Yeh Kuang-shih (; born 1957 in Hualien) is a Taiwanese politician and management scientist. He was the Minister of the Ministry of Transportation and Communications from 18 February 2013 until 9 January 2015, and one of the three deputy mayors of Kaohsiung within the municipal administration of Han Kuo-yu from 25 December 2018 to 12 June 2020.

Early life
Yeh Kuang-shih was born in Hualien City in 1957. His parents are immigrants from Zhejiang, China. He graduated from National Taiwan University with a bachelor's degree in political science in 1979. He then obtained a master's degree in public administration at University of Delaware in 1984, and a PhD in organization theory at Carnegie Mellon University in 1990.

Academic career
Yeh was a professor at Sun Yat-sen University in Department of Business Administration from 1991 to 2015. He has more than 30 publications in peer-reviewed journals and has written several books on business administration.

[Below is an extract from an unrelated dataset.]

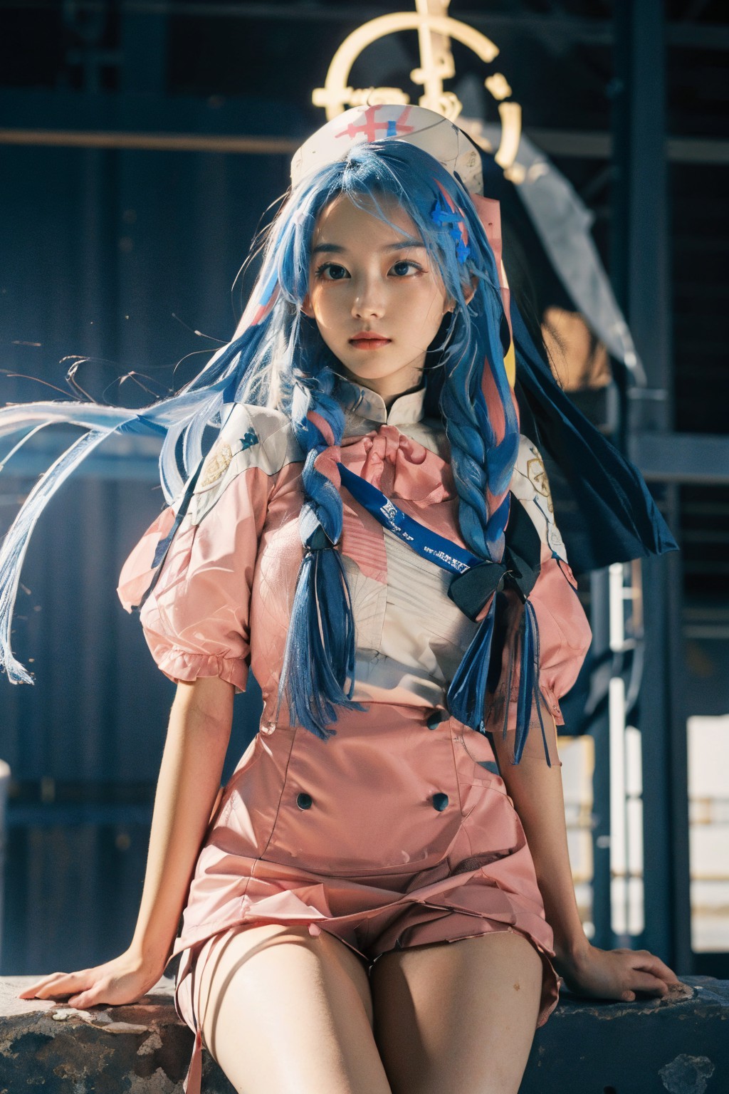 青森峰,《藍色檔案》。畫面中央,一位藍髮年輕女子倚靠水泥階梯。她身穿粉紅色連身裙,與髮色形成鮮明對比,頭戴白色帽子。在她身後,一棟建築巍然聳立,外牆上裝飾著巨大的錨形標誌。天空湛藍清澈,點綴著幾朵白雲。儘管周圍環境細節豐富,但畫面中最引人注目的卻是這位女子。

After resigning from his post as the Minister of Transportation and Communications in 2015, Yeh left Sun Yat-sen University for the Graduate Institute of Technology Innovation & Intellectual Property Management at National Chengchi University. He retired in 2018.

Political career

Deputy Minister of the Research, Development and Evaluation Commission
Yeh served as the Deputy Minister of the Research, Development and Evaluation Commission from 2008 to 2009. During his time he participated in the Organizational Reform of Executive Yuan.

Political Deputy Minister of Transportation and Communications
From 2009 to 2013 Yeh served as the Political Deputy Minister of Transportation and Communications. During this time, he instituted Taoyuan International Airport Corporation, the operator of the Taiwan Taoyuan International Airport, and served as the first chairman.

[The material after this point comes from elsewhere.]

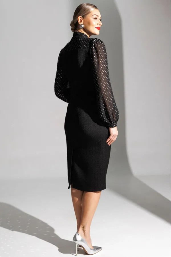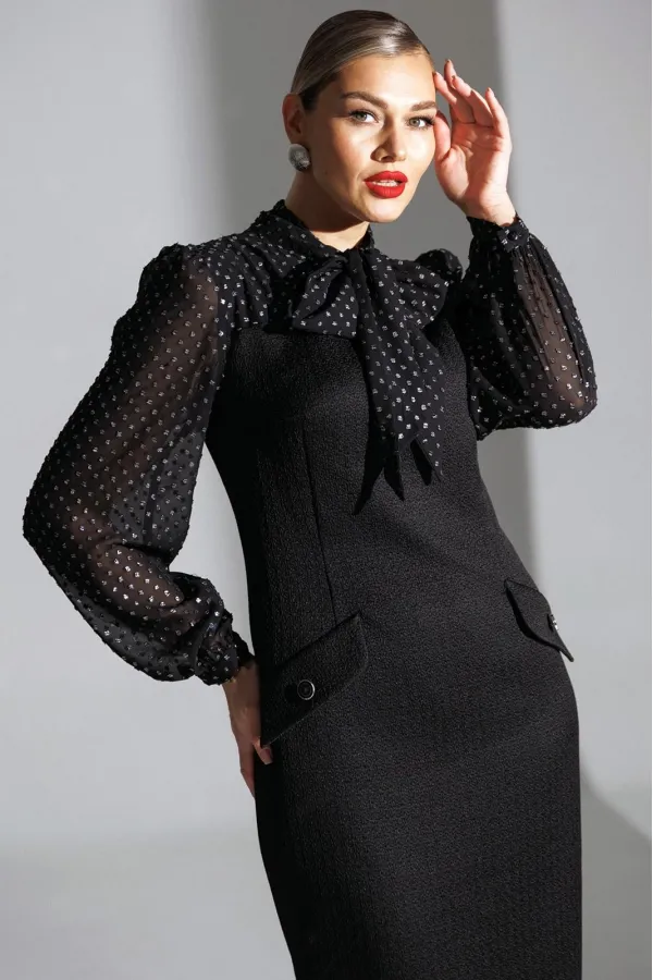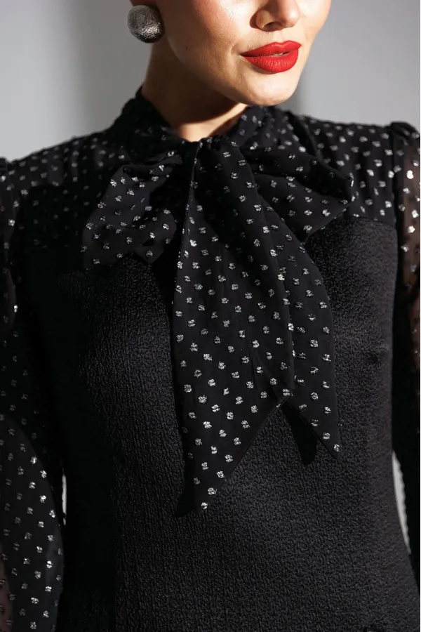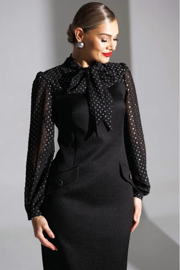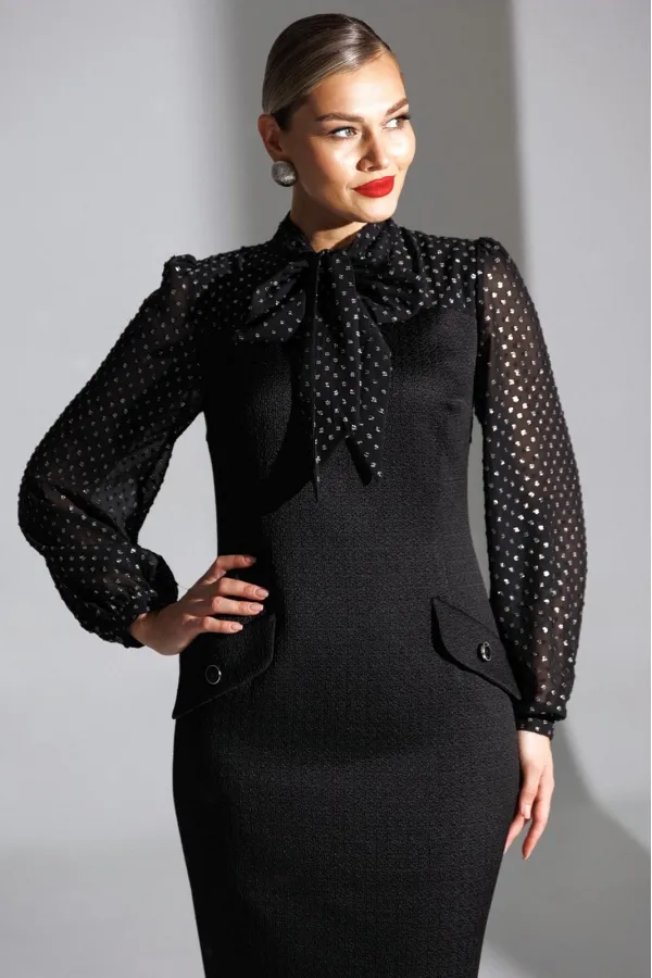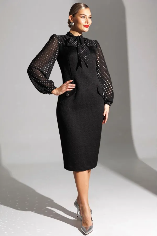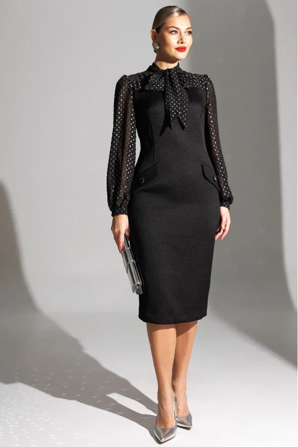 Платье прилегающего силуэта, с накладными декоративными клапанами по переду. Рукав одношовный, со сборкой по низу и на манжете, сборка по верхней части рукава. Рукав, кокетка переда и спинки, воротник-бант выполнены из ткани шифон в горошек. Воротник-бант декоративный , с длинными хвостами. По задней половинке с талиевыми вытачками и шлицей.

Minister of Transportation and Communications
After Premier Sean Chen stepped down in 2013, Yeh replaced Mao Chi-kuo as the Minister of Transportation and Communications.

2013 Nantou earthquake
Right after an earthquake struck Taiwan on 27 March 2013, Yeh ordered all officials within the ministry departments to conduct checks on any damage caused by the earthquake.

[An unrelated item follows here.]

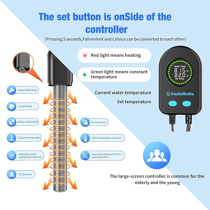 - 🐟【Smart Dual Temperature System】: Featuring a dual temperature system, this heater allows you to freely switch between Fahrenheit and Celsius by holding both buttons on the temperature controller for 2-3 seconds. The intuitive design makes it easy to monitor and adjust the temperature, catering to both beginners and experienced aquarists.

Taoyuan International Airport MRT delay
Commenting on the completion delay of Taoyuan International Airport MRT in mid April 2013, Yeh said that he hoped that the line can be opened somewhere before October 2014, after the ROC Ministry of Transportation and Communications had postponed it from its original June 2013 official launch. He added that the delay is caused by the MRT electromechanical systems in which it is still currently being worked out by the appointed contractor.

In early May 2013 during a session at the Transportation Committee of the Legislative Yuan, Yeh became the target of heavy criticism due to the ongoing delay of the airport MRT completion, even the DPP asked Yeh to resign as his responsibility of the delay. Yeh responded by stating that he had already questioned the train signaling system contractor legitimacy and the tender process in choosing the contractors. He added that any dispute regarding the tender and bidding process had long been officially closed since the investigator could not find anything illegal. However, he promised to further submit all of the information found to prosecutor for further investigation.

ROC first casino
After the Executive Yuan approval in early May 2013 in establishing ROC first casino, Yeh said that ROC government considers that the casino will be established in Lienchiang, Fukien Province, not in Taiwan Island. He expected that the casino resort will house the casino, hotel, convention and other facilities. The casino resort is expected to be established in 2019 the earliest.

Resignation
On January 7, 2015, which happens to be Yeh's birthday, Yeh resigned after failure to secure support from his party to Taiwan High Speed Rail Corporation’s (THSRC) financial restructuring plan. The plan was perceived by some lawmakers to benefit the investors more than the public, or unnecessary because THSRC is not in imminent danger to go bankrupt, or the government should let the corp go bankrupt. A modified version of the financial restructuring plan was passed later that year.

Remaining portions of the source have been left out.